11 Tips For Healthier Grilling
There’s something liberating about barbecue season. Enjoying a meal outside on a lovely summer evening always feels like the ultimate in relaxed eating. But not everything is rosy when it comes to using a backyard barbecue. Cooking over a flame is about the least healthy way to prepare food.
The less time your meat spends over a flame the better. This is why:
When meat is cooked at high temperatures, carcinogenic compounds can form in the fatty juices. Called HCAs, these compounds have been associated with higher rates of colorectal, stomach, lung, pancreatic, breast, and prostate cancers. Flare ups caused by dripping fat can coat your meat with another family of carcinogens, called PAHs.
Although this sounds a little scary, it doesn’t mean you need to stop grilling. There are some simple ways to reduce these unwelcome compounds and get the great barbecue flavour that you love.
Here are 11 tips to for healthier grilling:
- Choose smaller cuts of meat that cook more quickly or precook your meat a little bit. The less time your food spends over a flame the better.
- Grill more fish, lean chicken, vegetables and fruit. Fish and lean chicken cooks more quickly and at lower temperatures.
- Cook your meat over indirect heat so meat that can take a long time to cook doesn’t spend too long over a flame. With this method drippings don’t fall on flames so don’t create smoke.
- Take care to keep your meat from burning and if it does burn a little don’t eat the charred bits.
- Some herbs and spices can inhibit the formation of HCAs (some research has shown that rosemary can reduce HCAs by more than 60%) and marinades can be even more effective in reducing the amount of HCAs that form.
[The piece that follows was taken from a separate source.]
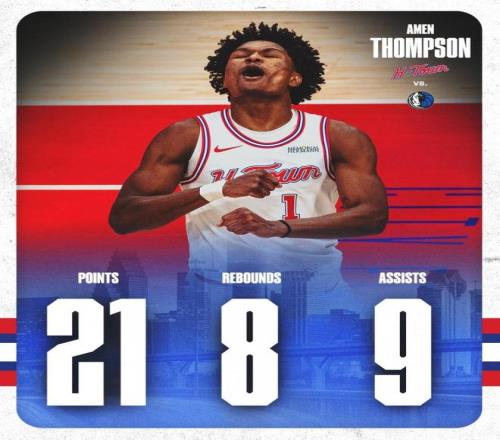 史密斯的状态更是起伏剧烈:手感火热时,他像极了缩小版的杜兰特,内外开花、无解单打;可一旦投篮手冷,整个人就变得迷失,攻防两端都找不到节奏。伊森的健康问题依旧是老大难,反复的伤病让他很难保持连续性,场上存在感时有时无。在这群年轻人中,唯有阿门汤普森稳定向上,成为火箭当下最可靠的潜力星。赛季初范弗利特报销,球队被迫让阿门顶上控卫位置。起初的适应期相当痛苦,前20场比赛阿门的表现可以用“挣扎”来形容:防守强度明显不如上赛季那么凶悍,进攻端更是犹豫不决,持球推进时经常出现停顿,传球时机也把握不准。那段时间,他的场均数据和正负值都处于低谷,许多人开始质疑他是否真的适合组织后卫角色。

Marinades with vinegar or lemon juice work best. Barbecue sauce can protect against HCAs and PAHs, although it can burn easily so should be brushed on during the last few minutes of cooking.
- Trim visible fat off your meat to reduce flare ups and keep a spray bottle of water handy to douse any flames.
- Keep your grill racks clean so grit from last week’s barbecue doesn’t cause flare ups. Keep the bottom of your grill clean to minimize smoking fat.
- If you like to grill with charcoal choose natural lump charcoal. Conventional briquettes are made with coal dust, sodium nitrate, sawdust or petroleum products. Burning them pollutes contaminates the food you’re grilling.
- Avoid processed meats like hot dogs and grill fresh meat, poultry and fish instead. According to the American Institute for Cancer Research, eating even small amounts of sausage and hot dogs increase colorectal cancer risk. (The Institute recommends avoiding these foods, except for special occasions.)
- Choose ceramic coated or stainless steel grill baskets instead of Teflon coated grilling accessories since Teflon comes with its own set of worries when exposed to high temperatures and the non-stick coating can be easily scratched by metal barbecue tools.
- If you’re feeding a crowd avoid Styrofoam and plastic plates. Hot food can melt the Styrofoam and allows your food to absorb some of the chemicals. Choose paper plates instead (and put them in the compost) or better yet, buy reusable plates made from bamboo or other natural materials.